Ms Archer-Jones claims the review of services 'wasn't related to finance' but to clinical safety. Kidderminster General Hospital was based on a team of general surgeons, with one vascular surgeon, which 'was not sustainable'.
The plan says concentrating acute care at the new hospital in Worcester will ensure 'much better care at a specialist centre serving the whole county'.
Councillor Jane Paterson, night co-ordinator at the hospital, does not agree. 'We are talking about a removal of the health service from Kidderminster.
'More than 100,000 people live within 10 miles of the hospital,' she says. 'At the moment it takes only five minutes for people to get to Kidderminster, where you have a doctor on site ready to do anything that is required.'
Following Mr Dobson's intervention, the hospital will retain an 'emergency centre' capable of treating about half the patients who currently use A&E and staffed by nurses with a part-time consultant.
That is not enough to satisfy Ms Paterson, who says traffic congestion will make the journey to Worcester for most acute services long and difficult.
Her opponents claim the councillors are difficult. Labour group leader Jamie Shaw accuses Health Concern of holding up council business and creating bureaucracy by failing to elect committee chairs and failing to send substitutes when its members are absent from committee meetings.
With Labour unable to form a minority administration, the protesters now hold the balance of power on the council, where they form the second- largest party.
'The police, the chamber of commerce and the employers are voicing their concern, as are council officers privately,' says Mr Shaw.
'We need to have a political figurehead to refer to when there are problems, and it makes things difficult when all there is are spokesmen. If there are important decisions there would have to be a special meeting of the committee with all the delay and cost that implies.'
Ms Paterson replies: 'I haven't seen any sign of council business being held up. If it was we would be doing something about it'.
She admits there are no committee chairs yet, so the councillors elect a temporary chair every time they meet. But there has only been one meeting of each committee so far, she adds.
Health Concern councillors claim their lack of experience of local politics is a plus. Madge Shineton, who sits on South Shropshire council, says they have 'no party political baggage'.
Their backgrounds, as a teacher, a nurse, a retired sergeant major, and the owner of a dry-cleaning business, give them a variety of useful skills, she says. 'If you can run a small business you can sit on the council.

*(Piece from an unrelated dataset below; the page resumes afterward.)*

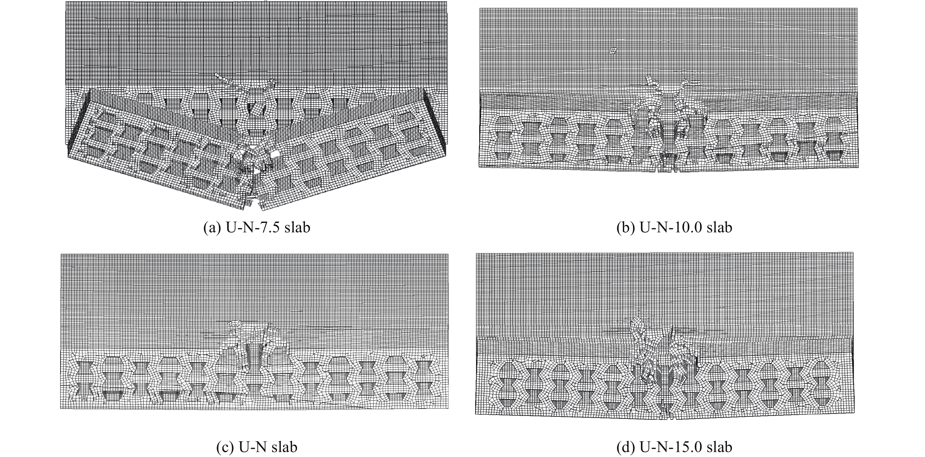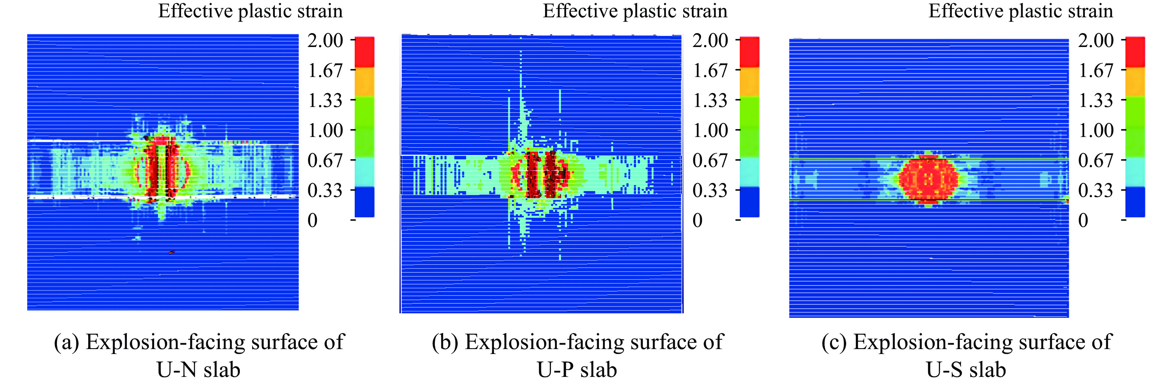 为提升防爆墙的抗爆性能,将负泊松比结构与超高韧性水泥基复合材料(ultra-high toughness cementitious composites, UHTCC)结合,并通过爆炸试验与数值模拟相结合的方法,研究分析负泊松比靶板的抗爆性能,证明UHTCC负泊松比靶板的抗爆性能优越性。首先,利用混凝土3D打印技术实现负泊松比结构建造,并通过靶板接触爆炸试验结果验证有限元模型的可靠性。在此基础上,利用该有限元模型模拟分析了靶板材料、结构、胞元内凹角及实心层厚度占比等因素对接触爆炸下结构破坏形态与能量消耗的影响。结果表明:(1)具有高韧性的UHTCC靶板抗爆性能显著优于混凝土靶板;(2)3种结构中,负泊松比结构板吸能能力最强,实心板更能保持结构的完整性;(3)当负泊松比胞元内凹角为61°时抗爆性能最优,过小或过大均降低结构抗爆性;(4)负泊松比结构厚度占靶板总厚度过大时抗爆性能弱,结构破坏严重,可上下层同时或仅背爆面增加实心层厚度,在有效削弱爆炸冲击波、吸收能量的同时,提高结构完整性。研究验证了负泊松比UHTCC板抗爆性能优越性,并为基于负泊松比结构的防爆墙设计提供了理论依据。

'We stood on a single issue, but once we became councillors we have to represent our wards on all issues. It wouldn't have been fair on the electorate if we weren't prepared to do that.'
Dr Richard Taylor, chair of the Save Kidderminster Hospital Campaign, says the group will spend the next four years 'monitoring the changes as they are introduced'.

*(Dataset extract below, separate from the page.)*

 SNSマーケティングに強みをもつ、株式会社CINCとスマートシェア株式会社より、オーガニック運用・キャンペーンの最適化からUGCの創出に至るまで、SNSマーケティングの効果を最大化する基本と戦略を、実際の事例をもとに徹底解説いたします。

The councillors also intend to bring a 'health focus' to all policy areas, from the environment to parks and gardens.
Back at the HA, Ms Archer-Jones says she is going to stick around to see her plans implemented. She is keen to pick up the management savings identified by the project group leading the trust merger and insists the£1.5m savings target from the changes will be achieved, partly by 'selling off redundant buildings' at Kidderminster.
And she is bullish about the impact of this high-profile row on her own record. She says: 'I would like to think this has done my career some good. I have grown from the experience and it has developed my management skills. I haven't just survived, I have achieved something.'
Ms Archer-Jones may regret nothing. But would the campaigners do it all again in 2003, the next time these seats come up?
Dr Taylor says they haven't thought that far ahead. 'But we are certainly talking about putting up candidates for the seats that are contested next year'.